Required work
Each line of the data that mentions the string "choose" needs to be identified and copied.

Provided records
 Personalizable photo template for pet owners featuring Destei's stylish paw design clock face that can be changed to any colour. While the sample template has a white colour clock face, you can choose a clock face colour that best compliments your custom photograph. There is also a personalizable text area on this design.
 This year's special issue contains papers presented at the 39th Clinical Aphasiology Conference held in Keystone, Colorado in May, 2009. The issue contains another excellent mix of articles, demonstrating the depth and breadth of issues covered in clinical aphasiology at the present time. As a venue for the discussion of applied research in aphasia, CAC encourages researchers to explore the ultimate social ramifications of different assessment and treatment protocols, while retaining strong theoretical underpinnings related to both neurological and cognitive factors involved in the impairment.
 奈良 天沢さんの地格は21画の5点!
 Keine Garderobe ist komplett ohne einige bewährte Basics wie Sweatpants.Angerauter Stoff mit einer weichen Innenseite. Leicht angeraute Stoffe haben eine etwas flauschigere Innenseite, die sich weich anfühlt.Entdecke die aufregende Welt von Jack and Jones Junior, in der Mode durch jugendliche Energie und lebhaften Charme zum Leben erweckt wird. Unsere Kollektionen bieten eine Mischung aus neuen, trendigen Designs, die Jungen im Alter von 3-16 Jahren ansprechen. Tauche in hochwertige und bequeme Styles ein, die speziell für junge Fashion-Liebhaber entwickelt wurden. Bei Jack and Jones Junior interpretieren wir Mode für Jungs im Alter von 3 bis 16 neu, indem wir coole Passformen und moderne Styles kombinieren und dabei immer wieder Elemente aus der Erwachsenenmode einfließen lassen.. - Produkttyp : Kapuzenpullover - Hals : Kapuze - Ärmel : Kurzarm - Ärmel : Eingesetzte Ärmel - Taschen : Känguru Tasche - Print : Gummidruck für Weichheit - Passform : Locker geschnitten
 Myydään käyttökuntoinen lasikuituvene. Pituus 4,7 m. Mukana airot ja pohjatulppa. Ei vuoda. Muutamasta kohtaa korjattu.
...
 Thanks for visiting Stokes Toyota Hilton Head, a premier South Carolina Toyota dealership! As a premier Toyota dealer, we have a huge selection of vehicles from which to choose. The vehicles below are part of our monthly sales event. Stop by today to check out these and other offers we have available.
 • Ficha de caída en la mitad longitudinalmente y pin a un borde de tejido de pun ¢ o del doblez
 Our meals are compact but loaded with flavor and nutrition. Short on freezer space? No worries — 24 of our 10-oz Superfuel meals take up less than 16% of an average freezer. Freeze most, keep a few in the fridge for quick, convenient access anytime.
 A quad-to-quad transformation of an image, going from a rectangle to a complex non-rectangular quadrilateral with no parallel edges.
--
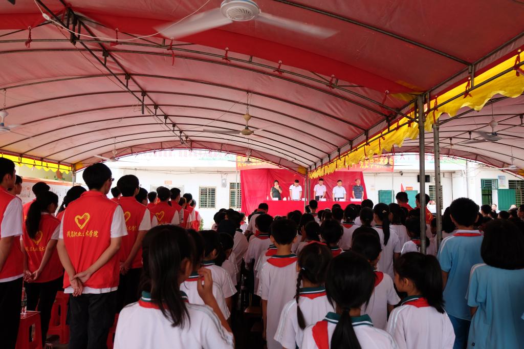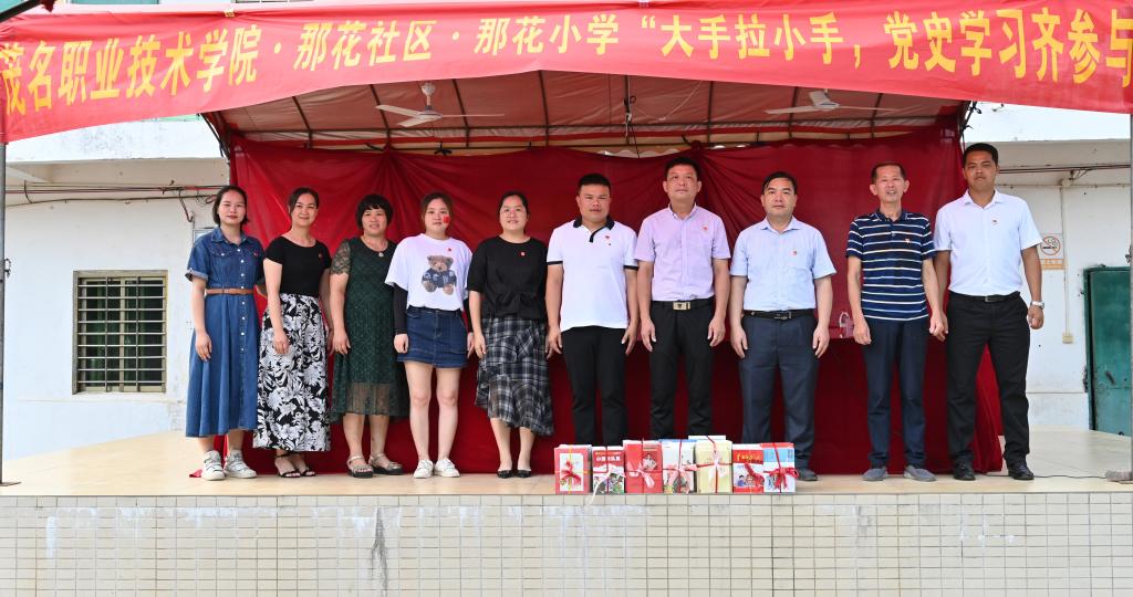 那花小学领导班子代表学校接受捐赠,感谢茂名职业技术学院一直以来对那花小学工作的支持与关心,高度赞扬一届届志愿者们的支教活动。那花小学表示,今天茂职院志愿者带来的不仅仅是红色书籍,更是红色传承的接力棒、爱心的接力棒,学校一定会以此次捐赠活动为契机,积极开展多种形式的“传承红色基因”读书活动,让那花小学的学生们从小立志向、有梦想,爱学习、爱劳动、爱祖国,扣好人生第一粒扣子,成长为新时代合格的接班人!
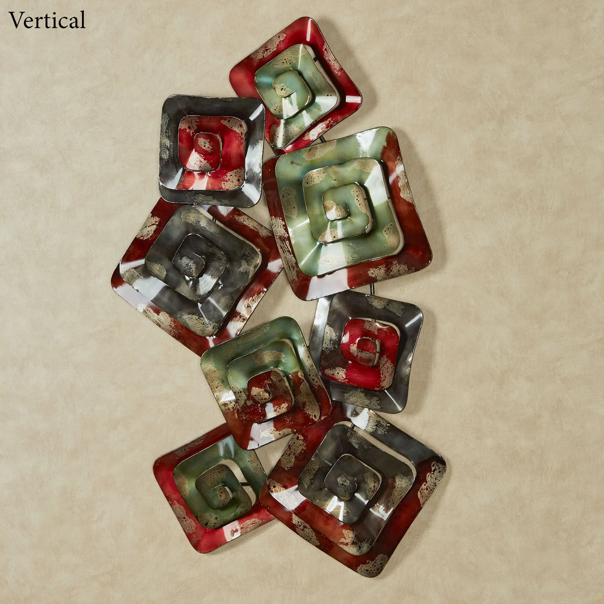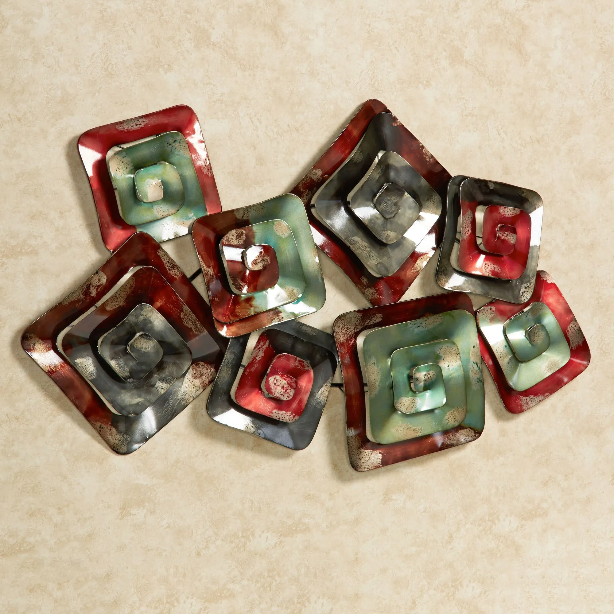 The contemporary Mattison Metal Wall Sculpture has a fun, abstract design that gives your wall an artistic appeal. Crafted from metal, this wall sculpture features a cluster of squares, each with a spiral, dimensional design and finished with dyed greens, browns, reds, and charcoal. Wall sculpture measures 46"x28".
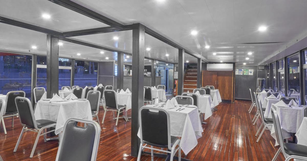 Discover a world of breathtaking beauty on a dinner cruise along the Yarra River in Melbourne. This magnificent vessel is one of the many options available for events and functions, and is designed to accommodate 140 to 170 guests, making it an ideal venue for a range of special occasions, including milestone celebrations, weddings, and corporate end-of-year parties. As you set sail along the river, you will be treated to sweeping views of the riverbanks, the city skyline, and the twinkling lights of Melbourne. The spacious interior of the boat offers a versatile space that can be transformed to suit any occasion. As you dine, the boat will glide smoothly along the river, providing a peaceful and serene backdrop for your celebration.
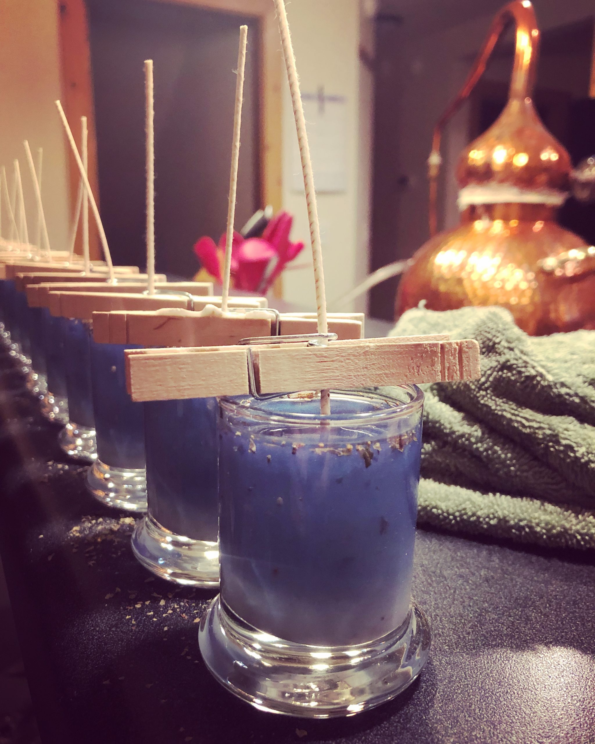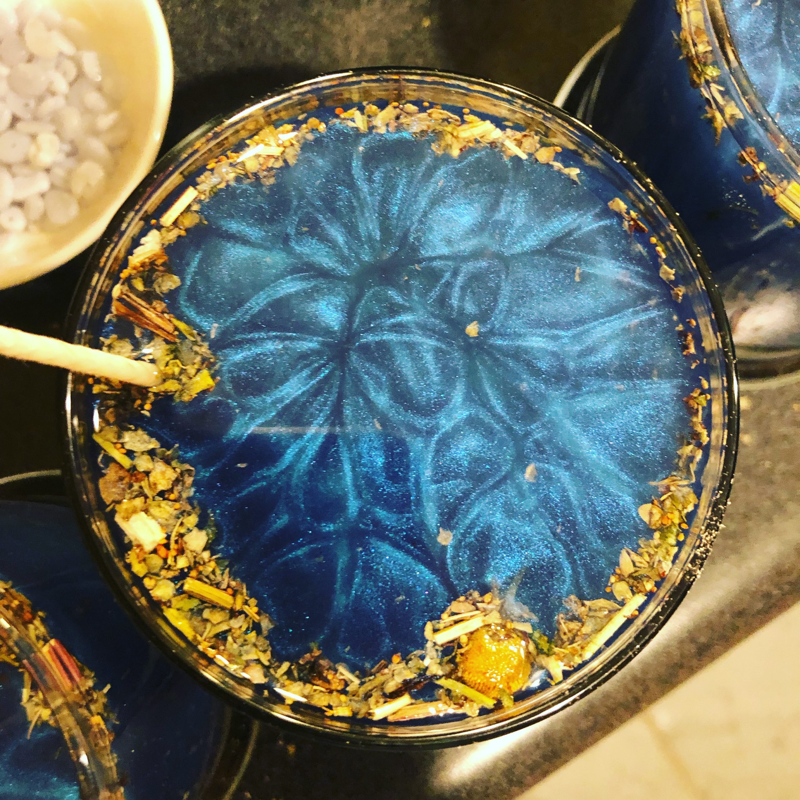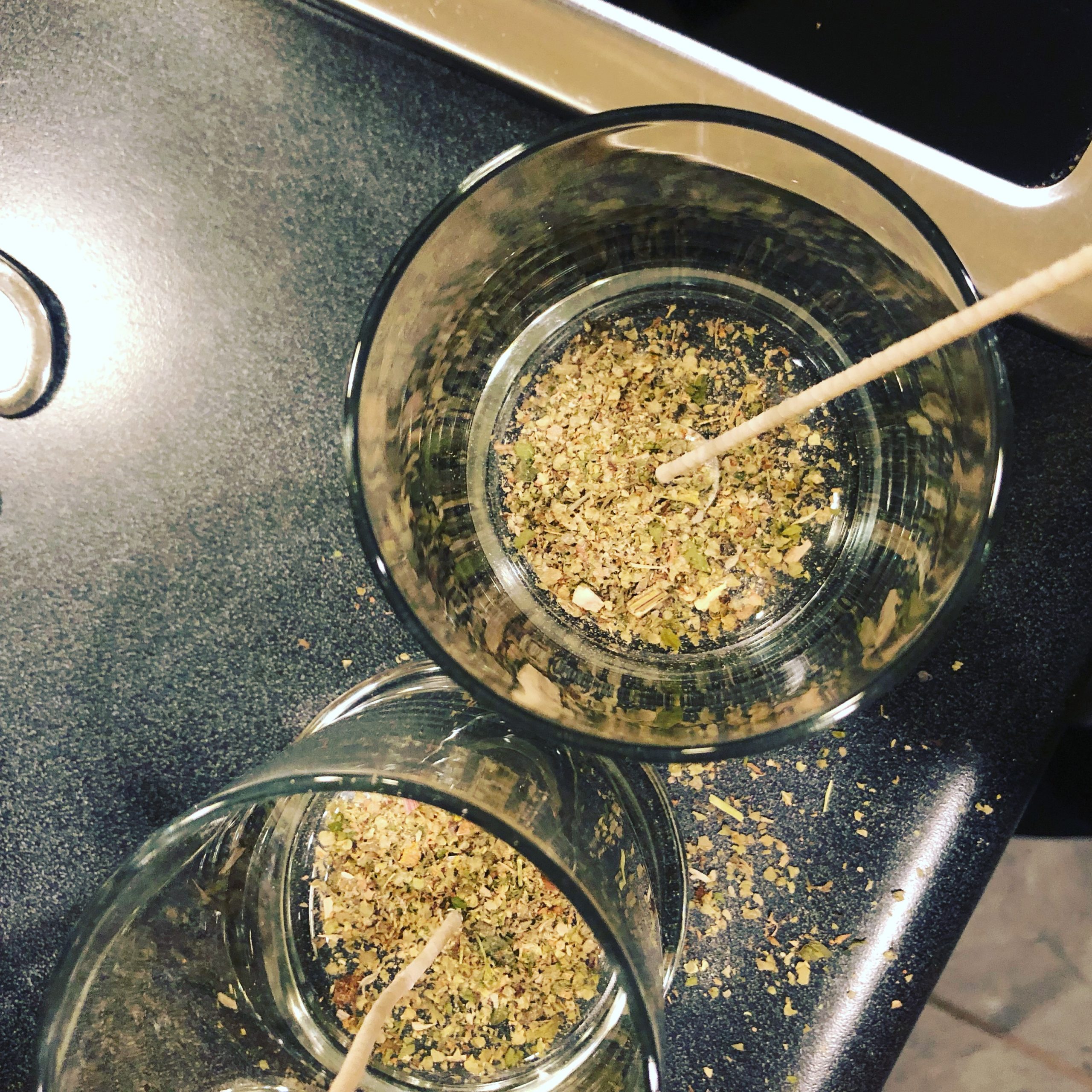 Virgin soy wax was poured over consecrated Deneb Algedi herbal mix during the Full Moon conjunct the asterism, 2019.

Response to this task
 Personalizable photo template for pet owners featuring Destei's stylish paw design clock face that can be changed to any colour. While the sample template has a white colour clock face, you can choose a clock face colour that best compliments your custom photograph. There is also a personalizable text area on this design.
 Thanks for visiting Stokes Toyota Hilton Head, a premier South Carolina Toyota dealership! As a premier Toyota dealer, we have a huge selection of vehicles from which to choose. The vehicles below are part of our monthly sales event. Stop by today to check out these and other offers we have available.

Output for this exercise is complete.